Learn How to Bet on Tennis

Why Tennis Bettors Should Follow Players on Instagram

Following tennis players on Insta - and their partners - can reveal rest periods the market ignores, adding valuable info to helps bettors find small edges.

nishi
2 min read
Why Tennis Bettors Should Follow Players on Instagram

Can Instagram Give You a Tennis Betting Edge?

Following tennis players — and their partners — can reveal rest periods, injuries, and travel that the market often ignores. It's free information that many bettors don't use.

We are at the start of the season and, after a long year, most players have taken some time off in November and December — sometimes more, sometimes less. Physical rest, mental rest, or both. And this matters.

Some players start the preseason a bit later because they had physical issues, or simply because they finished the previous season very late and needed extra recovery time. Others start training very early and are already playing exhibition matches.

I often gather this kind of information from Instagram players' accounts, when it's available. Not only now, at the start of the season, but throughout the year as well.

Years ago, I mainly used Twitter to follow players. Over time, however, more and more of them have shifted to Instagram and barely post on X anymore. In fact, I still follow many players on X from years back, but most of them are now active almost exclusively on Instagram.

What Players Reveal

Sometimes they openly share interesting things: training blocks, gyms, courts, travel, or even comments about how their body feels. And sometimes, more importantly, they show when they are not training.

During the season, players also take breaks — planned or unplanned. And many times, it's their posts that reveal it. Not through official statements, but through small details: beaches, long trips, silence, or "life content" instead of tennis content.

The Secret Source: Players' Partners

But here's where it gets even more interesting.

Some players often don't post much.
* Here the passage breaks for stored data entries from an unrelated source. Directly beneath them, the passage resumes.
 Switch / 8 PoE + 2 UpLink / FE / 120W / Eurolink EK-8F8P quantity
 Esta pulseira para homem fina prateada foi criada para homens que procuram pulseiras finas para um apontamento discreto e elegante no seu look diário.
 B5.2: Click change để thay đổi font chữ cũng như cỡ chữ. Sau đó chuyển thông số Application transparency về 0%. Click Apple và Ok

But their girlfriends or wives do.

They usually have fewer followers, are less scrutinized, and post more naturally. Vacation photos, stories from resorts, sunsets, cocktails. And if I see a player's partner in the Caribbean, I can reasonably infer the player might be there too.
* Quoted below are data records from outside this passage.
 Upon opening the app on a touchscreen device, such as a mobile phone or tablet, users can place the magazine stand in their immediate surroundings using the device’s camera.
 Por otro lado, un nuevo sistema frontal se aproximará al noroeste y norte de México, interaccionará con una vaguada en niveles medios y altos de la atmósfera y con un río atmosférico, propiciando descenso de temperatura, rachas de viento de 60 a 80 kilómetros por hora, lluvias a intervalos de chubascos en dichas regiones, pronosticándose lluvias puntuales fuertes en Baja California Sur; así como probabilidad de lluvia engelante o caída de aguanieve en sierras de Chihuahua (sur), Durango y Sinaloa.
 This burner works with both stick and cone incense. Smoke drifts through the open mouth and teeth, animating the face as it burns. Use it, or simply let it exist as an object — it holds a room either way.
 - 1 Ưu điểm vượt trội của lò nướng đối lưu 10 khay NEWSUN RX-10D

That information is valuable.

He might still be training on vacation, I know. But if you're relaxing, you're usually not training hard. At the very least, intensity and volume are lower.

Why the Market Doesn't Price This In

Of course, this information alone rarely justifies a bet. But it's an extra piece of the puzzle. And the key point is that, unless it's a top, highly followed player, the market does not use to price this in. Or if they do, it’s not when the odds are first released, but closer to market close — when perhaps a tipster with many followers has already mentioned it.
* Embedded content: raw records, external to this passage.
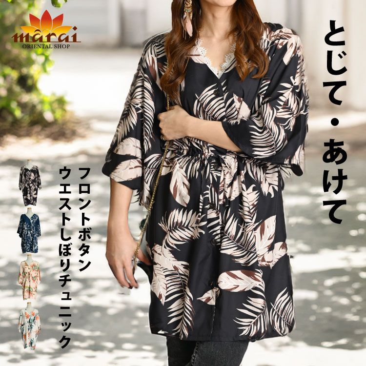 【期間限定50%OFF】チュニック 柄 レディース 前を閉じて開けて2Wayで着こなし。フロントボタンウエストしぼりチュニック ブ...
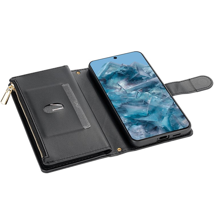 CSJ-P2 For Google Pixel 8 Pro Case Rhombus Stitching Design Leather Wallet Phone Cover with Long / Short Strap - Black
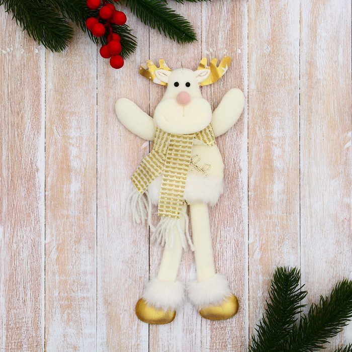 Подвеска мягкая на ёлку «Олень в костюмчике с цветами, длинные ножки» 8×24 см, золотистая
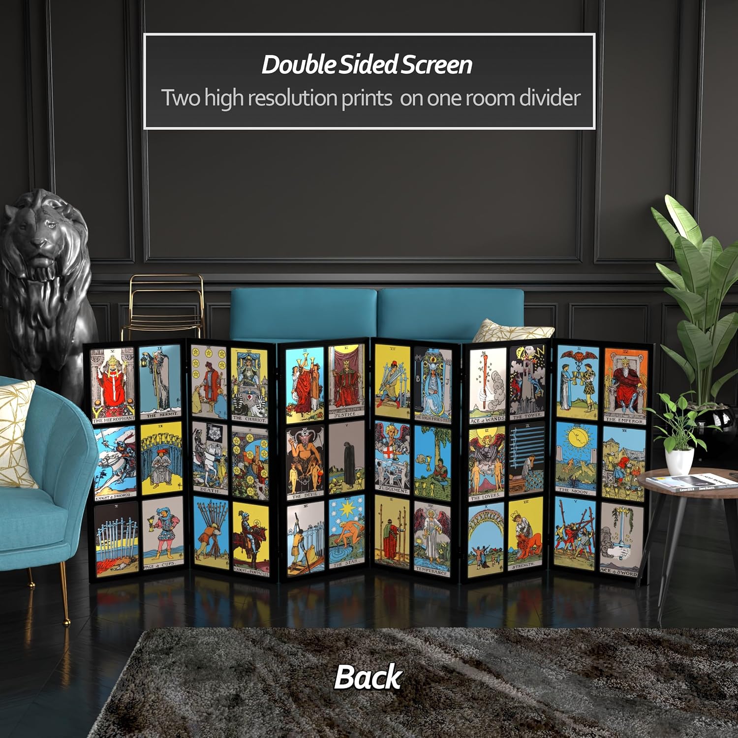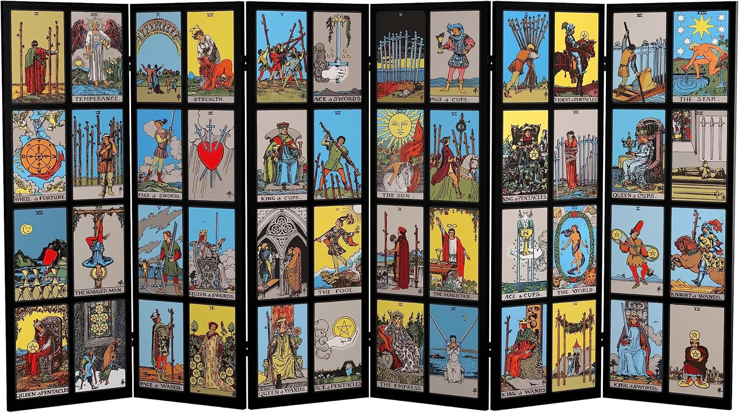 Unlock the mysteries of the universe with our 3 ft. Short Double Sided Rider-Waite Tarot Canvas Folding Screen. Crafted with premium canvas, this folding screen features captivating artwork of the iconic Rider-Waite Tarot deck on both sides. Each card represents a unique aspect of life and spirituality, adding intrigue and symbolism to your space. With its convenient smaller size and folding mechanism, it easily becomes a captivating focal point or divination tool for any space!
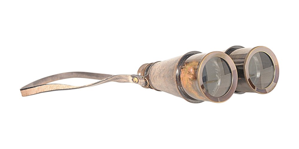 Rustic Brass And Leather Binoculars In Wood Storage Box
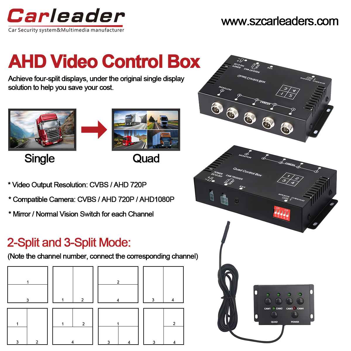 Let’s talk about what you need to know about Carleader AHD Quad View Split Box Video Processer for heavy duty vehicles. AHD quad split control box is an important device for a vehicle CCTV monitoring system. Bus truck video split control box supports turning a single monitor into a quad view monitor, and can connect with 4 AHD car cameras. The following is a detailed explanation of the AHD rearview camera video control box functions, features, and typical use cases.
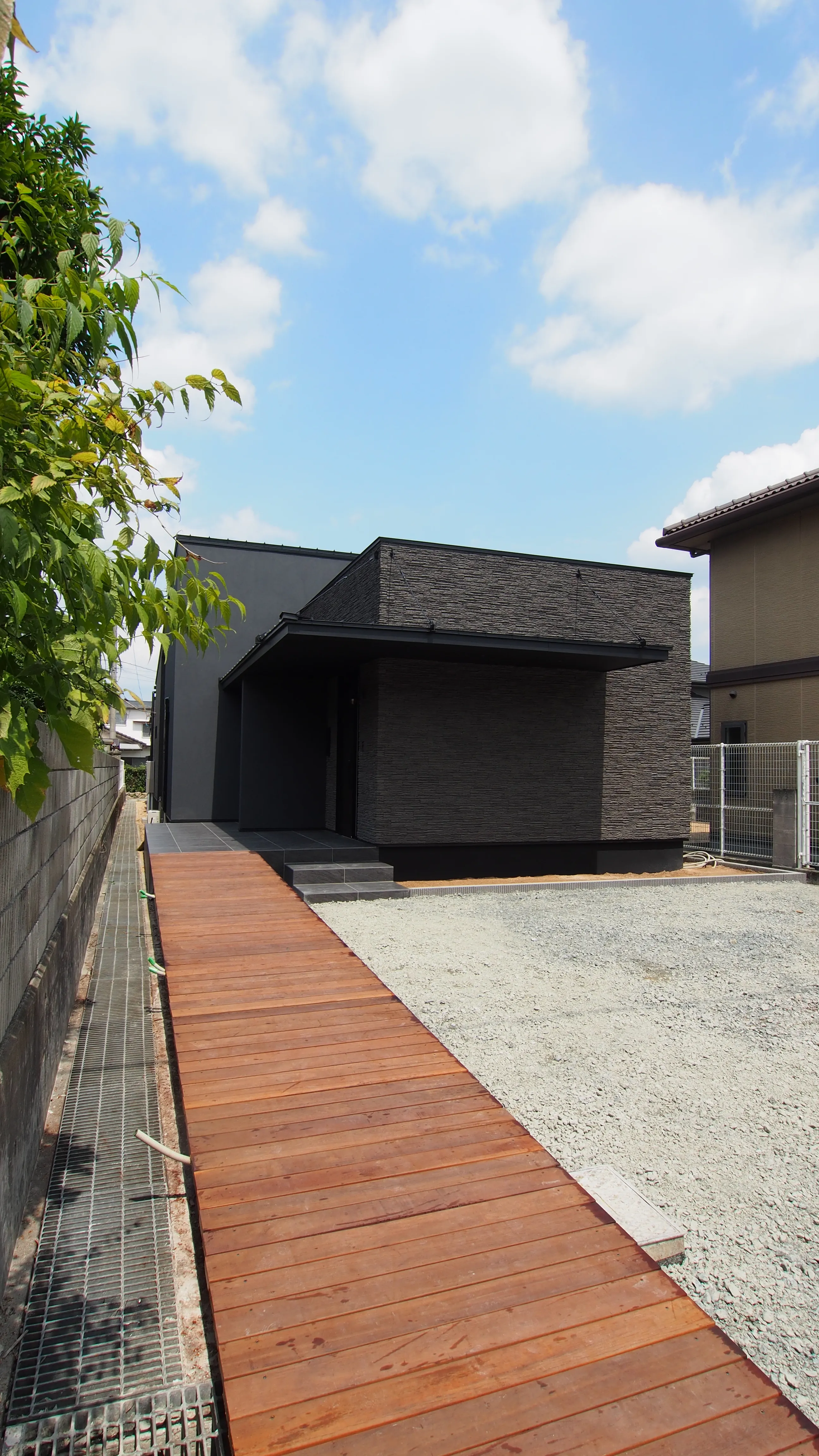 -スロープ- 長いスロープが美しく、玄関奥の自転車やベビーカーなどが止められるスペースへつづく。どんなシチュエーションでもエントランスへスムーズにアクセスできるよう配慮。
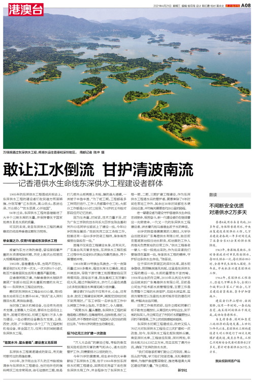 1965年的东深供水工程落成庆祝会上,东深供水工程的建设者们收到港方两面锦旗,分别写着“江水倒流,高山低头;恩波远泽,万众倾心”“饮水思源,心怀祖国”。 56年过去,东深供水工程向香港输送了大半

Betting is about collecting many small pieces of information. Individually, almost none of them leads to a bet.

But together — mixed with experience, intuition, and numbers — they can lead to positive EV decisions. This is exactly what in financial analysis is called "the Mosaic Theory."

Conclusion

I know it's a bit of work to find players on Insta, and even more their partners, but following both — especially the partners — can help your betting.